DOWNLOAD OUR FREE eBook

Open data demystified: the essential toolkit for researchers

Fill in the form below for expert guidance on how to collect, store, format, share, and publish your data.

Still unsure about research data?

If you find yourself wondering which parts of your work are research data, The Turing Way suggests asking yourself:

What information did I need to answer my research question?
What information would I need to back up my findings?
What information would someone else need to reproduce my work?

The answer is your research data.

Benefits of open data

Sharing your data benefits your career, other researchers, and society. In recent years, open data has become a priority for academic stakeholders globally.
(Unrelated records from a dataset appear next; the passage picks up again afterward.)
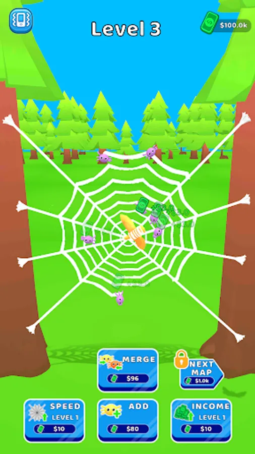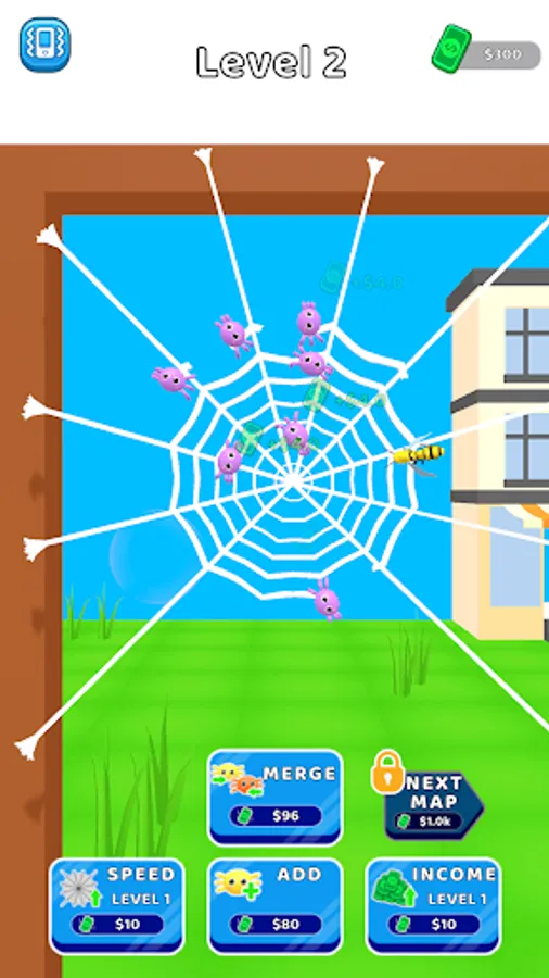 Become a cute spider, patiently weave a big web, catch all the creatures that pass by, try to become a good hunter!
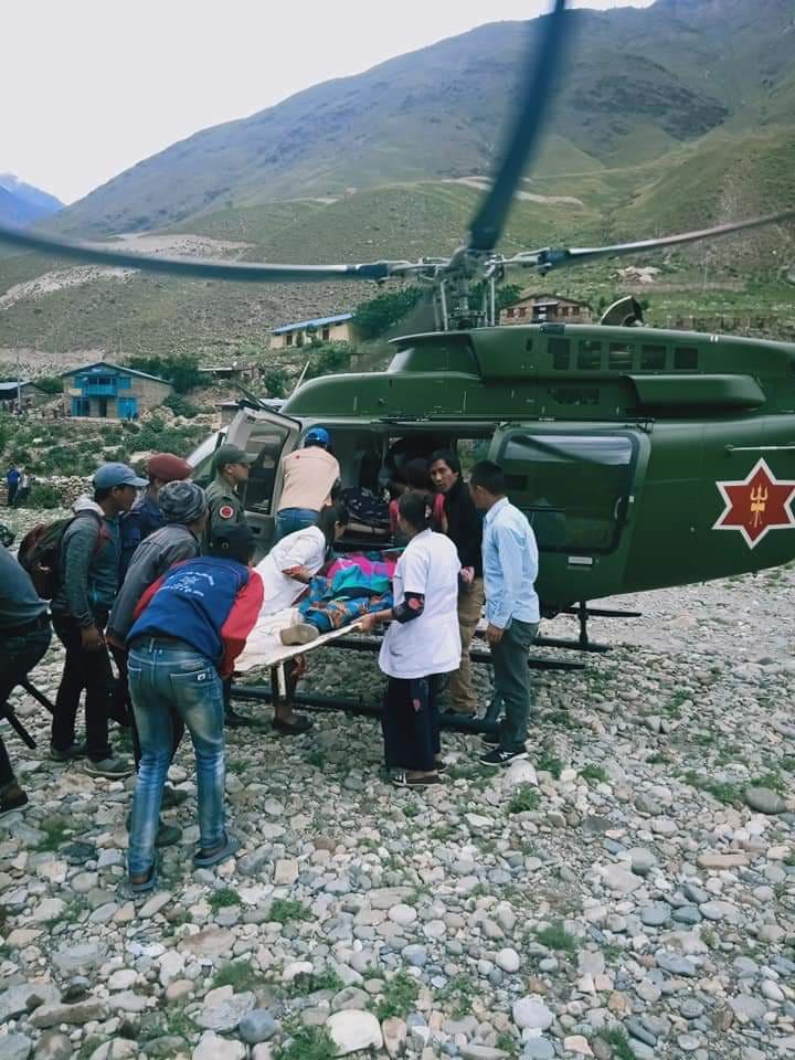 त्रिपूरासुन्दरी नगरपालिका– २ की २० वर्षीया अनिसा बुढाको स्वास्थ्य अवस्था जोखिममा रहेको जानकारी दिएपछि उहाँलाई उद्धार गरी हेलिकप्टर मार्फत सुर्खेत स्थित प्रदेश अस्पतालमा लगिएको डोल्पाका प्रमुख जिल्ला अधिकारी मुकेशकुमार केसरीले जानकारी दिनुभयो । दुई दिन देखि सुत्केरी हुँन नसक्दा समस्य भएको थियो उहाँका श्रीमान् गोपाल बुढाले जानकारी दिनुभयो ।
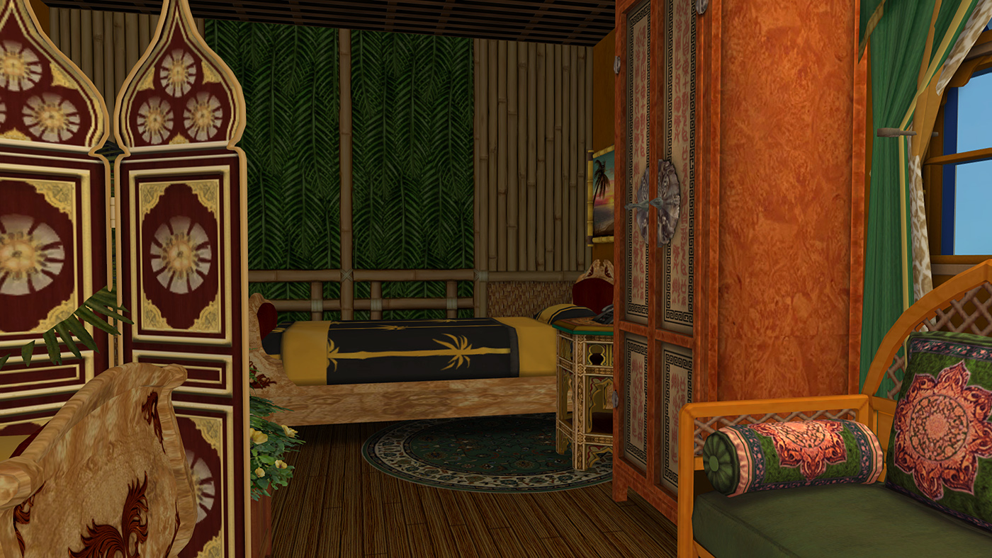 Отель с большим количеством развлечений для ваших симов. Помимо этого здесь имеется 7 комнат для аренды стоимостью от 1020 до 1586 симолеонов в сутки. Персонажи могут хорошо провести свой отпуск, играя в бильярд, карты, дартс. На участке есть уютный ресторанчик. И, конечно же, не стоит забывать про пляж и море. Размещается на участке размера 5х6.
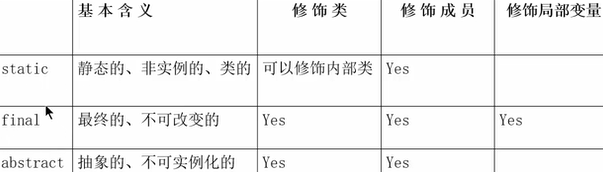 局部类local class:方法中的内部类 不能用public private protected static修饰但可被final abstract修饰 ,可用访问其他外部类成员但不能够访问该方法的局部变量除非是final局部变量
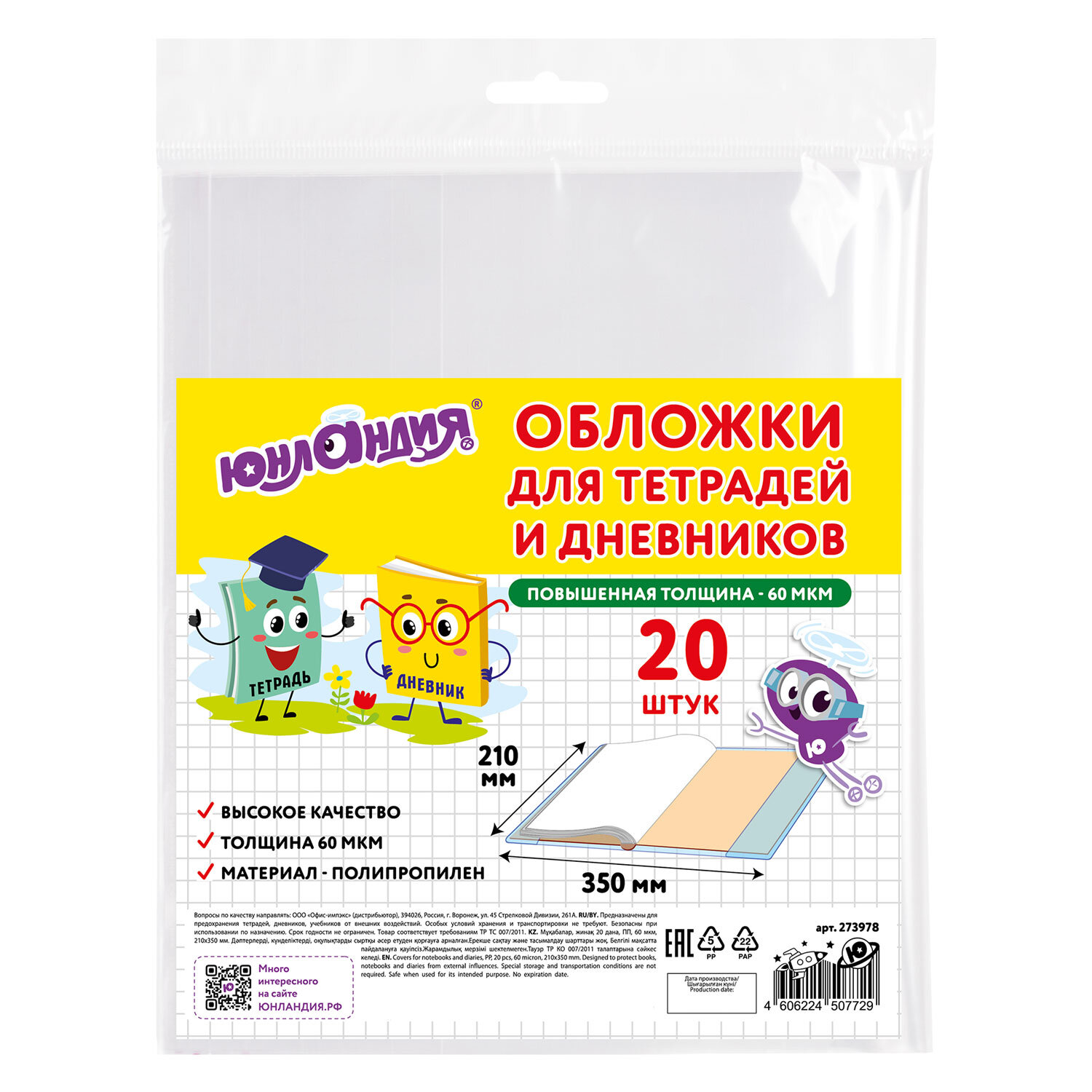 О товаре «Обложки ПП для тетрадей и дневников, КОМПЛЕКТ 20 шт., 60 мкм, 210х350 мм, ЮНЛАНДИЯ, 273978»
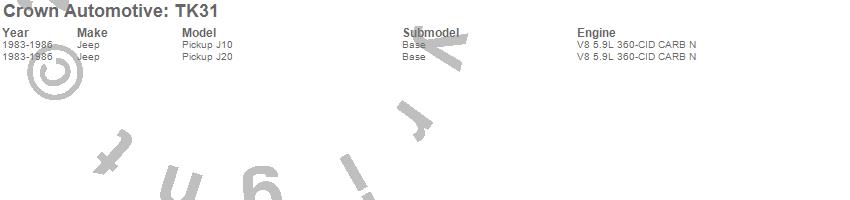 Crown Automotive Tune Up Kit TK31 Features:
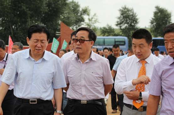 內(nèi)蒙古農(nóng)牧業(yè)廳副廳長(zhǎng)云挨厚(左二)等領(lǐng)導(dǎo)為工廠(chǎng)開(kāi)業(yè)剪彩

So how can you benefit from open data?

Open data

Benefits for your career

Increase the discoverability of your research: linking your open data and published research outputs can increase the readership of your research.
Increase citations: research shows that articles with links to datasets shared in repositories generated up to 25% more citations than articles that did not share data in repositories.
Enhance the credibility of your work: when the data supporting your findings is openly available, others can replicate your work to validate your results and conclusions.
Establish ownership and get credit for your data: uploading it to a repository allows you to establish ownership through a persistent identifier so other researchers can cite it.
Facilitate collaboration and new partnerships: researchers in your field and beyond can access and use your data, leading to greater collaboration and new research projects.

Open data

Benefits for the community

Supports reproducibility: open data enhances research rigor by making it easier for others to validate, replicate, and reproduce your findings.
Reduces research waste: when data is openly available, research becomes more efficient by removing duplication of efforts from other researchers.
Enables others to reuse your data: sharing data can lead to reuse by providing a foundation for others to build on.
Preserves data more securely over time: data hosted on a repository is more secure than data hosted on a website or personal files.

Open data

Benefits for society

Gives greater visibility over results of publicly funded research: open data offers a chance to make research results openly available as a public good, as research is often publicly funded.
Can lead to real-world impact: when data is open, we can accelerate the pace of research discovery to solve societal challenges in real-time.
Fosters trust in research: transparency and accountability help to foster public trust in the research process and results.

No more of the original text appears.